I've noticed some inconsistencies between internet images and the watch I received. The winder is flat edged and a little sharp (the only real annoyance for me) and also there are three silver studs under Hugo Junkers name. Some promotional images have no studs, some one. Could this hint at a limited run or possibly it's just random!?










There is a display back, I normally like these on mechanical watches but you could forgo one here, as there's not much to see (though it's always good to see the beating heart). The movement is pretty plain, with only a little decoration. The Miyota movement is relatively inexpensive as far as I can tell (they also do this watch with an ETA which doubles the price), this cheapness is a little noticeable when changing the date or time as the stem is very 'light' with little resistance or feeling of heft. On the positive side the tick and rotor are almost silent.




























So all in all, for around 200 of your english pounds I'm pretty pleased with my new purchase. It's a handsome watch which I shall look forward to wearing often. I've not tested it, it tells the time! But seems pretty accurate over the last week or so, to around 40-50secs.

The Good:

Well made for it's price point (except - see below). A step down from my Tissot PRC 200, but looks the part and feels good on wearing.

Obscurity of the brand.

Good lume, (should last most of the night)

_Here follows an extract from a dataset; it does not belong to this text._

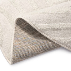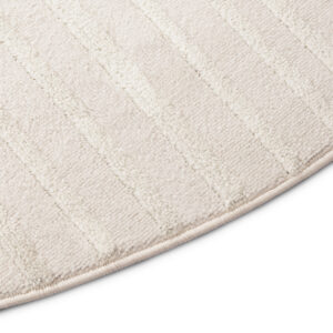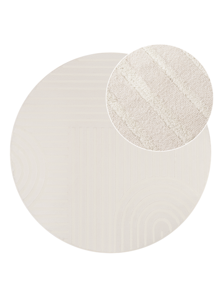 Covorul rotund din colecția Hygge este un element decorativ deosebit, care aduce în interior liniște, lejeritate și confort. Realizat dintr-un amestec de polipropilenă (55%) și poliester (45%), îmbină durabilitatea cu finețea la atingere. Firele sale cu două niveluri, cu o înălțime de până la 18 mm, formează un model geometric cu arcuri și linii delicate, care reflectă frumos lumina, oferind spațiului un efect elegant și tridimensional.

Slightly quirky styling (which I like)

The Bad:

Nasty soft leather strap with deployment clasp. I've replaced mine already with something much nicer!

Sharp edge to the winder/stem.

'Lightness' in adjusting the movement.

The styling around the date is slighlty out with the date window.

Perhaps the face is a little cluttered.

No lume on the seconds hand (is this possible?!)

Rating 7.5/10

:thumbup:


----------



## ed335d (Aug 29, 2012)

Nice write-up - not bad for Â£200

It would probably look nice on a black/red NATO or a black leather strap with red stitching


----------



## freestyle_gus (Oct 17, 2010)

ed335d said:


> Nice write-up - not bad for Â£200
> 
> It would probably look nice on a black/red NATO or a black leather strap with red stitching


That's a really good shout, thanks I'll definitely keep that in mind


----------



## MarkF (Jul 5, 2003)

My type of watch, very nice indeed. If it didn't have the "Hugo Junkers" logo above 6, and, the "automatic" logo at 3 was moved to replace it then I'd struggle to fault it.


----------



## carlt69 (Feb 26, 2010)

That's a good review and a nice watch :thumbup:


----------



## PilotWatchLover (Sep 23, 2012)

Wrist shot!


----------



## freestyle_gus (Oct 17, 2010)

PilotWatchLover said:


> Wrist shot!


No chance! Girly wrists make it look beyond silly! :-o


----------



## dowsing (Sep 21, 2006)

I really like some of these Junkers models. This one looks nice, my only nigggle would be that I'm not a fan of the open dates. What sort of strap are you thinking of for it?


----------



## freestyle_gus (Oct 17, 2010)

dowsing said:


> I really like some of these Junkers models. This one looks nice, my only nigggle would be that I'm not a fan of the open dates. What sort of strap are you thinking of for it?


At the moment I have a black 'TSS Titan CS' on it. This works well as the strap is nice and thick.


----------